## [ABOUT THIS EXERCISE]
Without including any picture, repeat the records below exactly.

(Collected data)
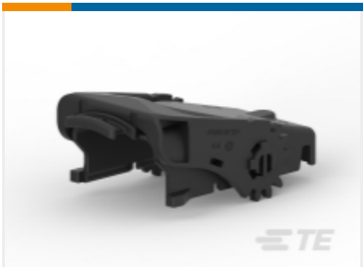
TE 产品编号2208728-1 COVER, OUTGOING DIRECT, ASSY
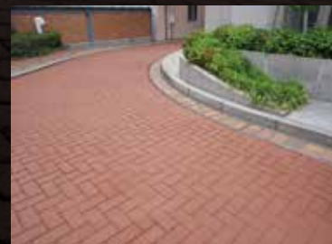
広島県内 商業ビル外構

ABCD舗装は、敷均し後または既設のアスファルト舗装の上にテンプレートを設置し、この上から転圧することにより、表面にブロック状のパターン模様をつけます。通常のアスファルト舗装に比べて、デザイン性に優れた舗装となります。
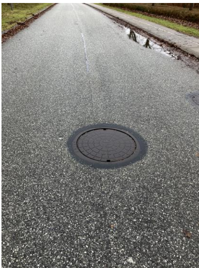
Billede 6: Dæksel på Østermarksvej der ligger for lavt.

Det generelle billede omkring vejafvandingsbrønde på strækningerne er, at der ikke er observeret nogen steder der potentielt kan indikere at der er problemer med afvandingsystemet (Defekte brønde & stikledninger). Dog er der på Østermarksvej observeret nogle dæksler der ligger for lavt og det ser ud til at pakningen i dækslet er ødelagt. Det anbefales at kontakte forsyningen da det er deres ledninger og dæksler der ligger i vejen. Hvis pakningen er ødelagt vil dækslet ligge løst og "larme eller klapre" når man kører over det.
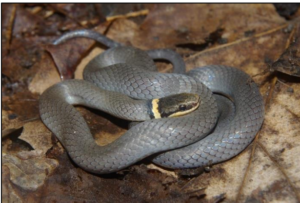
Couleuvre à collier
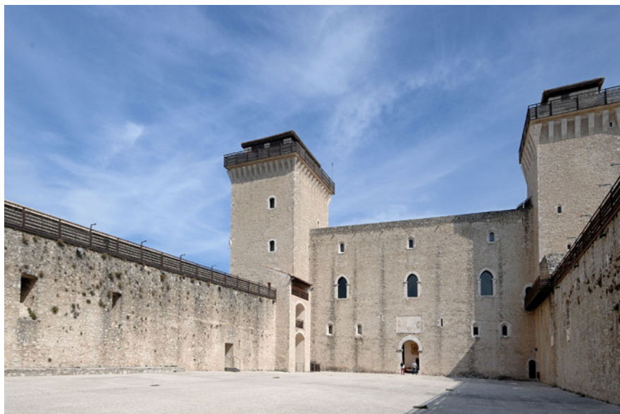
vista del Cortile delle Armi
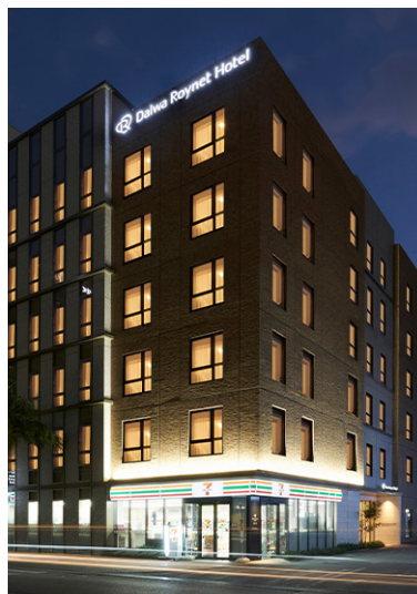
ダイワロイネットホテル沖縄県庁前

## [SOLUTION BELOW]
TE 产品编号2208728-1 COVER, OUTGOING DIRECT, ASSY
広島県内 商業ビル外構

ABCD舗装は、敷均し後または既設のアスファルト舗装の上にテンプレートを設置し、この上から転圧することにより、表面にブロック状のパターン模様をつけます。通常のアスファルト舗装に比べて、デザイン性に優れた舗装となります。
Billede 6: Dæksel på Østermarksvej der ligger for lavt.

Det generelle billede omkring vejafvandingsbrønde på strækningerne er, at der ikke er observeret nogen steder der potentielt kan indikere at der er problemer med afvandingsystemet (Defekte brønde & stikledninger). Dog er der på Østermarksvej observeret nogle dæksler der ligger for lavt og det ser ud til at pakningen i dækslet er ødelagt. Det anbefales at kontakte forsyningen da det er deres ledninger og dæksler der ligger i vejen. Hvis pakningen er ødelagt vil dækslet ligge løst og "larme eller klapre" når man kører over det.
Couleuvre à collier
vista del Cortile delle Armi
ダイワロイネットホテル沖縄県庁前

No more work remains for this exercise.